■ WORK INSTRUCTION:
Output the data verbatim, minus the images.
BEGIN COLLECTED MATERIAL
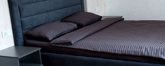 Две спальни, в каждой из них двухспальная кровать и раздвижное кресло, шкаф для одежды и прикроватные тумбочки. Есть утюг и гладильная доска.
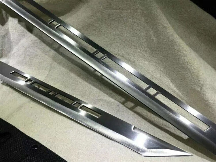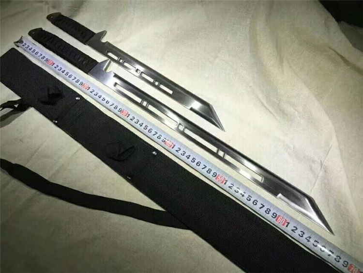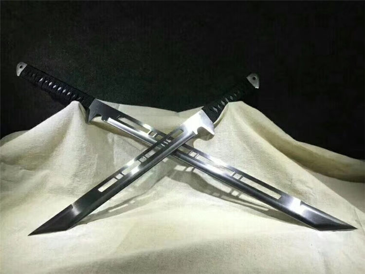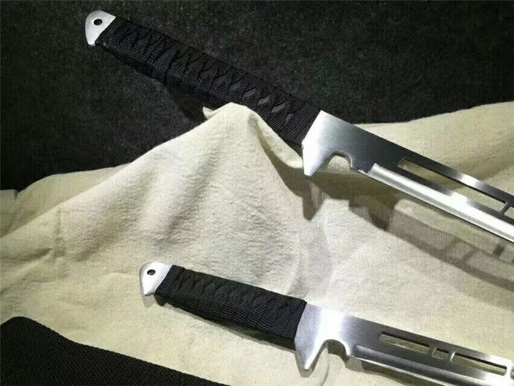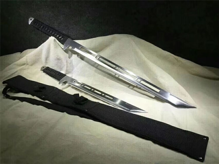 忍者双刀,一袋双娇(白版) 短刀 全长:46.5cm 刃长:30.0cm 柄长:13.0cm 厚度:0.28cm 重量:280克 长刀 全长:70.5cm 刃长:46.0cm 柄长:20.5cm 厚度:0.28cm 重量:380克 整套长:67CM 总重量:572克 刃 材:420 硬 度:56 表面处理砂光 配战术尼龙刀鞘
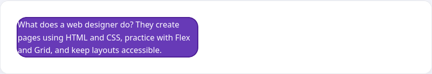 What does a web designer do? They create pages using HTML and CSS. They can use the capabilities of Flex and Grid modules. They use the SASS preprocessor and the Pug templating engine, and builds projects with Gulp. They keep track of site accessibility by creating semantically correct markup. They create components and utilities on Bootstrap. They lay out adaptive projects.
END COLLECTED MATERIAL
■ RESULT OF THE EXERCISE:
 Две спальни, в каждой из них двухспальная кровать и раздвижное кресло, шкаф для одежды и прикроватные тумбочки. Есть утюг и гладильная доска.
 忍者双刀,一袋双娇(白版) 短刀 全长:46.5cm 刃长:30.0cm 柄长:13.0cm 厚度:0.28cm 重量:280克 长刀 全长:70.5cm 刃长:46.0cm 柄长:20.5cm 厚度:0.28cm 重量:380克 整套长:67CM 总重量:572克 刃 材:420 硬 度:56 表面处理砂光 配战术尼龙刀鞘
 What does a web designer do? They create pages using HTML and CSS. They can use the capabilities of Flex and Grid modules. They use the SASS preprocessor and the Pug templating engine, and builds projects with Gulp. They keep track of site accessibility by creating semantically correct markup. They create components and utilities on Bootstrap. They lay out adaptive projects.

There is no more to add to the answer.